**Supplied records**:
++++++
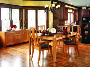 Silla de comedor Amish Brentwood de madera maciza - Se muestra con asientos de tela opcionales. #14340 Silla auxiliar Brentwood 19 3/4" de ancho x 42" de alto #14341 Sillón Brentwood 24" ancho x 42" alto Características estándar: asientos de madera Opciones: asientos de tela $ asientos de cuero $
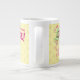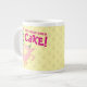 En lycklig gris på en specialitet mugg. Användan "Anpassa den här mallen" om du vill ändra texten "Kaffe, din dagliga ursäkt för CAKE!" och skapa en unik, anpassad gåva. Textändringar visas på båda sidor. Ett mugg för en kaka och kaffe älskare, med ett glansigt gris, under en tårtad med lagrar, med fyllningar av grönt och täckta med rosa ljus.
++++++
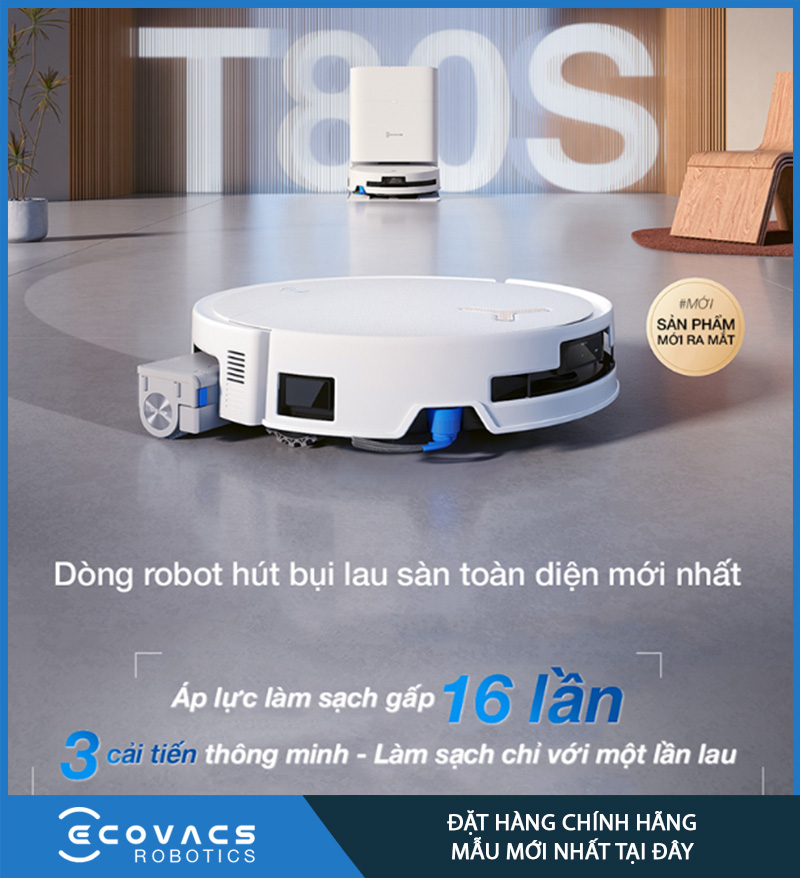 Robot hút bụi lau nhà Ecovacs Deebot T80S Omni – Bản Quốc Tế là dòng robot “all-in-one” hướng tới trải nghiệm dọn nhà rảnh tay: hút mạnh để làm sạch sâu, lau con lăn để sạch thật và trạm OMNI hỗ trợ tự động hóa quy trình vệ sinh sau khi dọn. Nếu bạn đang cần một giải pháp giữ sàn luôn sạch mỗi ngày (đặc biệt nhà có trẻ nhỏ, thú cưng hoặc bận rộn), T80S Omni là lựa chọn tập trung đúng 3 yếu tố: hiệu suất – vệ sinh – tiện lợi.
++++++
**What needs to be done**:
Exact copy, pictures excluded: every line above from the one containing "Silla de comedor" to the one containing "En lycklig gris", inclusive, and nothing more.

**Solution to this problem**:
 Silla de comedor Amish Brentwood de madera maciza - Se muestra con asientos de tela opcionales. #14340 Silla auxiliar Brentwood 19 3/4" de ancho x 42" de alto #14341 Sillón Brentwood 24" ancho x 42" alto Características estándar: asientos de madera Opciones: asientos de tela $ asientos de cuero $
 En lycklig gris på en specialitet mugg. Användan "Anpassa den här mallen" om du vill ändra texten "Kaffe, din dagliga ursäkt för CAKE!" och skapa en unik, anpassad gåva. Textändringar visas på båda sidor. Ett mugg för en kaka och kaffe älskare, med ett glansigt gris, under en tårtad med lagrar, med fyllningar av grönt och täckta med rosa ljus.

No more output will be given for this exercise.